I am a proud mama. The other day, my four-year-old daughter conquered her fear of putting her head under the water at the swimming pool. After six months of swimming lessons, Bella was confident in the pool but refused to dunk her head. We tried everything — but once our headstrong girl has her mind set on something no amount of pleading will change it. The other day was her last swim class and she still refused to go under. After class the instructor told us that Bella mastered every skill needed to go on to the next level — but without submerging her head she was going to have to repeat the class. My husband and I gave Bella hugs, told her how proud we are of the skills she gained during this round of classes and then we climbed into the water together for a family swim.
After half an hour of splashing around, my husband and Bella started playing catch with a ball. Back and forth they went until one throw was out of Bella’s reach. Without thinking she dove for the ball and her head went under the water. She popped back up, stopped for a moment to think and then a big smile spread across her face. She turned, looked at me and said “Mommy, I’m not afraid to put my head under the water anymore. Look!” She dove under the water again (and again and again) and two hours later a lifeguard re-evaluated her and said she was more than ready to go on to the next level of swim lessons.
The moment my daughter said those three little words “I’m not afraid” I had my inspiration for this week’s Healthy Family Challenge post. Fear can hold us back from setting and obtaining goals, and it’s something we need to be able to identify and overcome.
I took the above photo the day after I bought my gym membership. I was getting ready to leave for yoga class and was so nervous I felt sick to my stomach. I hadn’t taken a yoga class since high school and the idea of trying it in front of a room full of strangers had my stomach in knots. Negative thoughts kept running through my head “What if I was the worst in the class? Was everyone in class going to be super skinny and be expert yogis dressed in Lululemon? What would my teacher and classmates think of me?” I faced my fear and forced myself to go. I was so glad I did. Not only did the act of yoga make my body feel good, I felt proud of myself for overcoming my fear. I now look forward to every class.

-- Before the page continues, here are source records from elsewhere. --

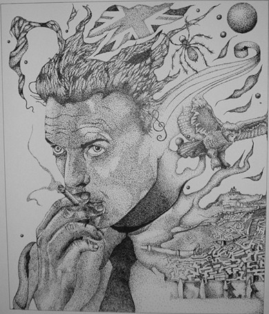 You can by the print now, wow cool. I see you used photoshop,nice. Excelent work I was just wondering why the white hair, but after that truly amazing.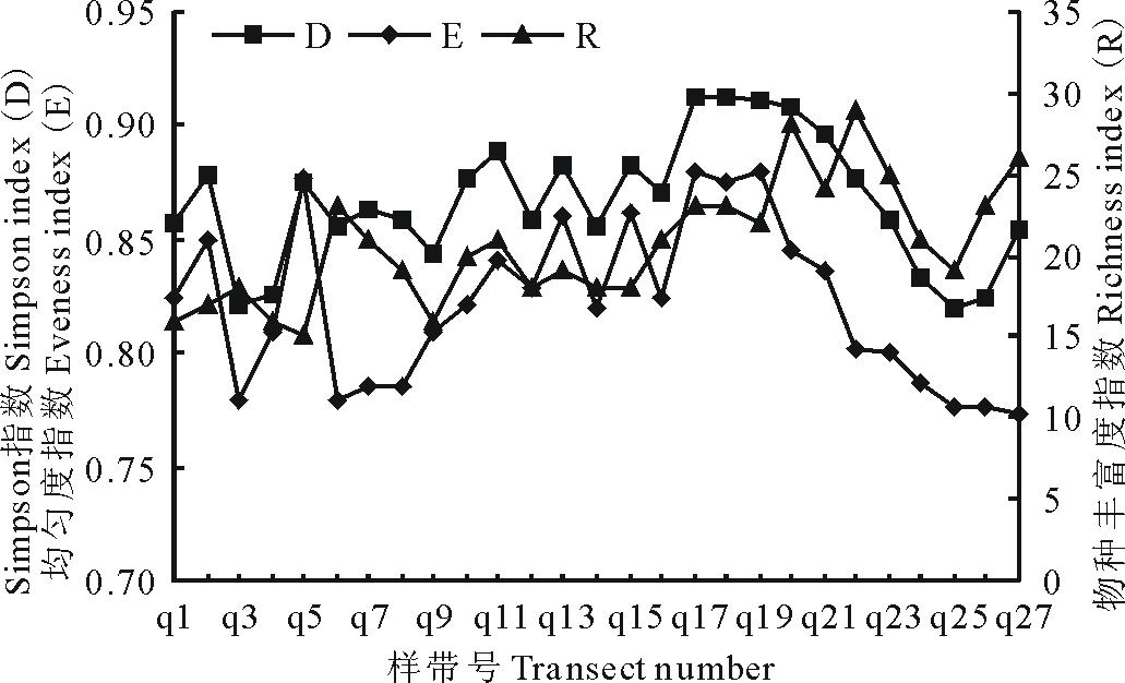 图6显示了研究区紫花针茅草原27条样带的Simpson指数(D)、均匀度指数(E)和物种丰富度指数(R)的变化曲线。总体来看, Simpson指数(D)和均匀度指数(E)的变化规律较相似, 物种丰富度指数和前两者相比波动较大。各群丛多样性平均值比较来看(表5), 均匀度指数变化趋势为群落Ⅲ > 群丛Ⅰ > 群丛Ⅱ > 群丛Ⅳ , Simpson指数的变化趋势为群落Ⅲ > 群丛Ⅱ > 群丛Ⅰ > 群丛Ⅳ 。群丛Ⅲ 均匀度指数和Simpson指数在各群丛中都是最高的。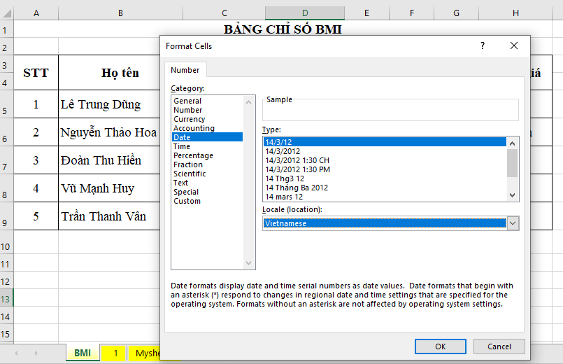 - Bước 2. Mở hộp Fomart Cells, nháy chuột chọn Date trong danh sách Categogy.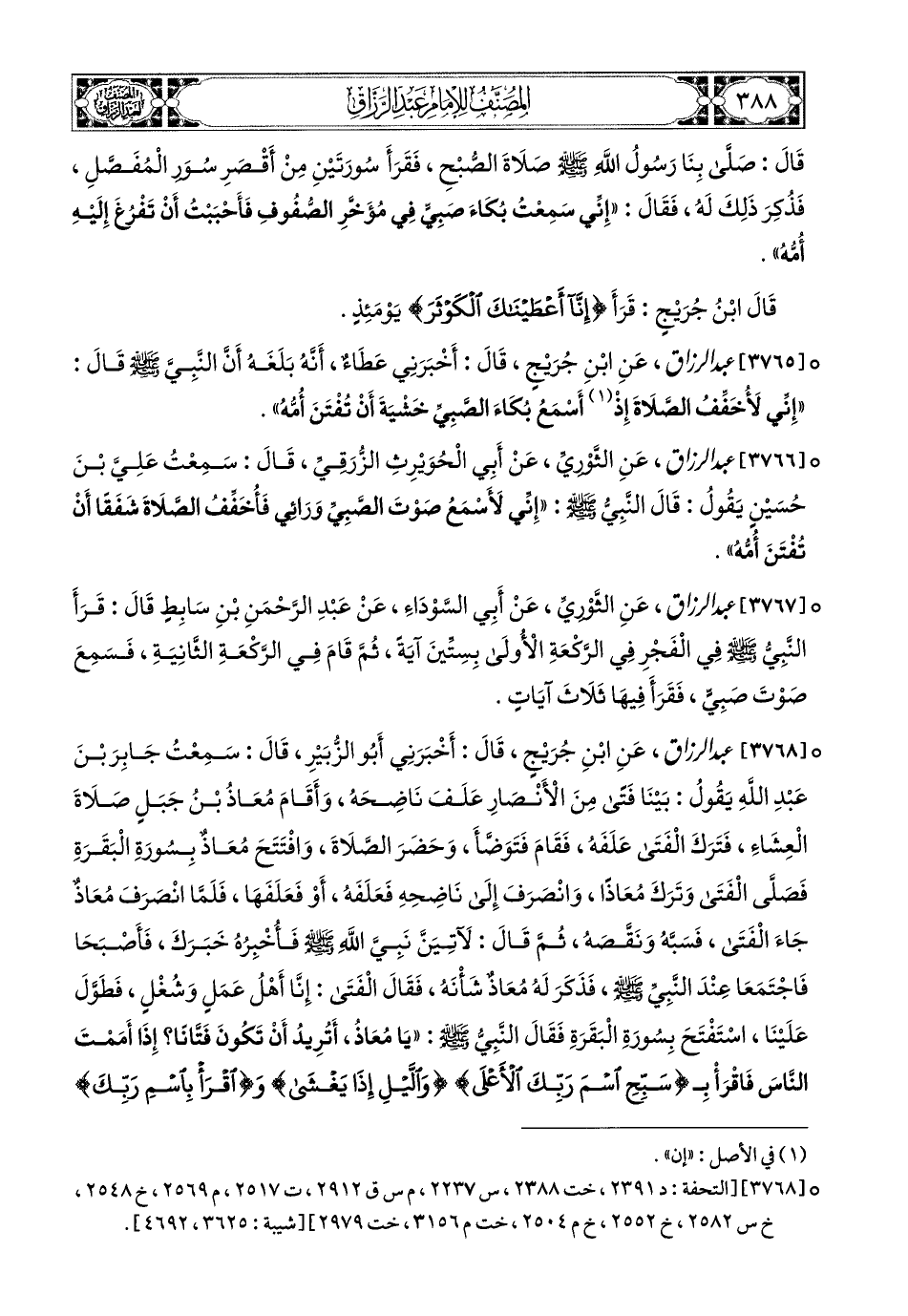 3767- عبد الرزاق، عَنِ الثَّورِيِّ، عَنْ أَبِي السَّوْدَاءِ، عَنْ عَبدِ الرَّحْمَنِ بْنِ سَابِطٍ، قَالَ: قَرَأَ النَّبِيُّ صَلَّى اللهُ عَلَيْهِ وَسَلَّمَ فِي الْفَجْرِ فِي الرَّكْعَةِ الأُولَى بِسِتِّينَ آيَةً، ثُمَّ قَامَ فِي الرَّكْعَةِ الثَّانِيَةِ، فَسَمِعَ صَوْتَ صَبِيٍّ، فَقَرَأَ فِيهَا ثَلاَثَ آيَاتٍ.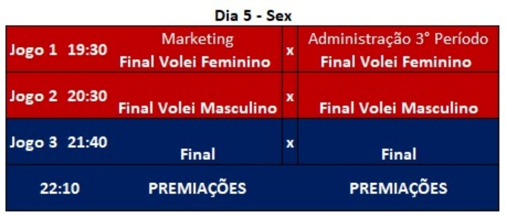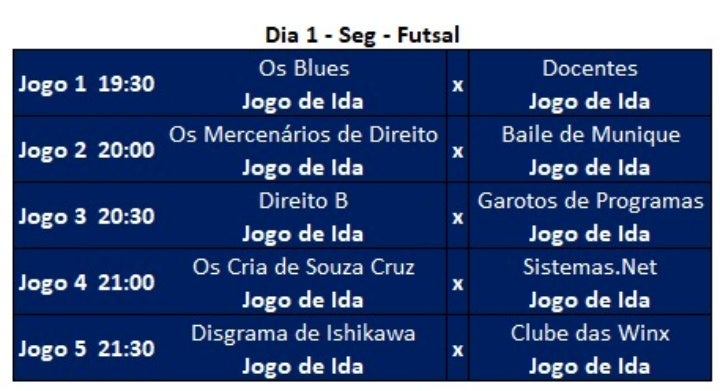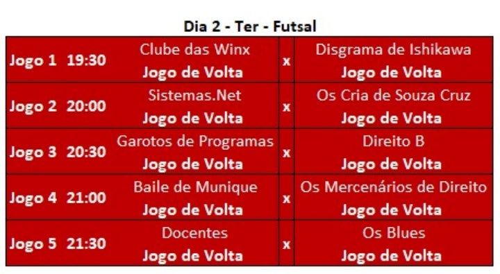 As disputas ocorrerão entre as turmas de todos os cursos da instituição e cada time terá sua própria torcida organizada. Todos que tiverem interesse poderão assistir aos jogos que serão abertos ao público.

Two days later I faced the same feelings as I headed to the gym for the first time. Again, negative thoughts filled my head: “Will I look stupid if I don’t know how to run the machines? What if I work out for 10 minutes, am a sweaty, panting mess and can’t do any more? Will I be the fattest person at the gym? Will all the fit people look down their nose at me?” Again, I faced my fear and forced myself to go. I worked out for an hour and left feeling great. And do you know what? I may as well have been invisible for how little anyone cared about how I looked or what my skill level was. Now I go to the gym three to four times a week. Most of the time I look forward to it, occasionally I dread it, but rarely do I feel nervous. Once you conquer your fear each time you repeat the activity it gets easier and easier.
I think it’s normal, to have these fears and insecurities. Sitting here I can think of a million of them — like wearing a bathing suit in public while still carrying my baby belly. Going to a clothing store for the first time and wondering if they carry clothes that will fit. Writing a blog post for Today’s Parent and wondering if it is good enough. Starting my own blog Sew Creative. Even simple things like having a photo taken without any makeup on or trying a new meal like kale and lentil soup. I think it’s how we overcome and conquer those fears that defines us and makes us role models for our children.

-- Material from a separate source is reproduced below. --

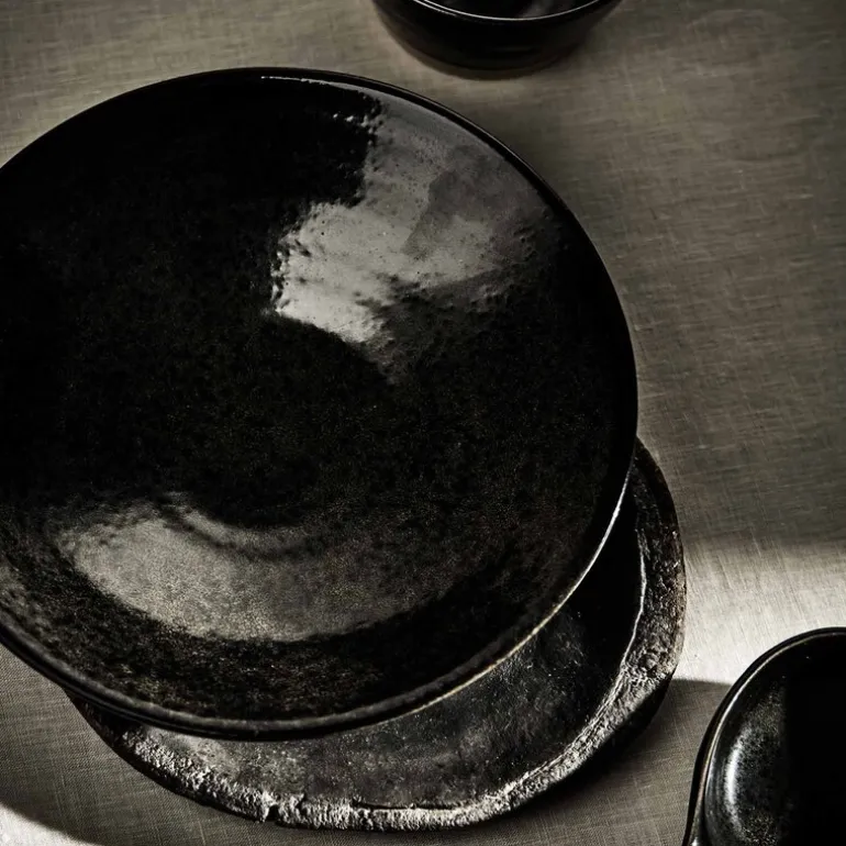 Tallerkenens uglasert underside skaper en vakker kontrast mot den dype, mørke glasuren, som tilfører et unikt uttrykk til hver enkelt tallerken. Etter brenningen utvikler glasuren seg individuelt, noe som gir subtile forskjeller i farge og tekstur, og gjør hvert produkt helt unikt. Disse små variasjonene gir borddekkingen et levende og innbydende uttrykk. Kombiner gjerne med en linserviett i samme fargeskala for å skape en harmonisk og koselig atmosfære. Fenix pastatallerken fungerer like godt alene som den gjør når den kombineres med andre porselens- og steintøyserier for en komplett og stilren bordsetting.

This second picture was taken after a recent workout. Normally I would cringe at the photo — I’m a sweaty makeup-less mess. I’m proud of it though, because it reminds me of how far I’ve come in the last few months. I’ve conquered fears that held me back from being the best me that I can be. And maybe, just maybe, overcoming my own fears helped my daughter on the road to overcoming her own.
Do you have a fear or insecurity that you have overcome recently or want to overcome? I would love for you to share!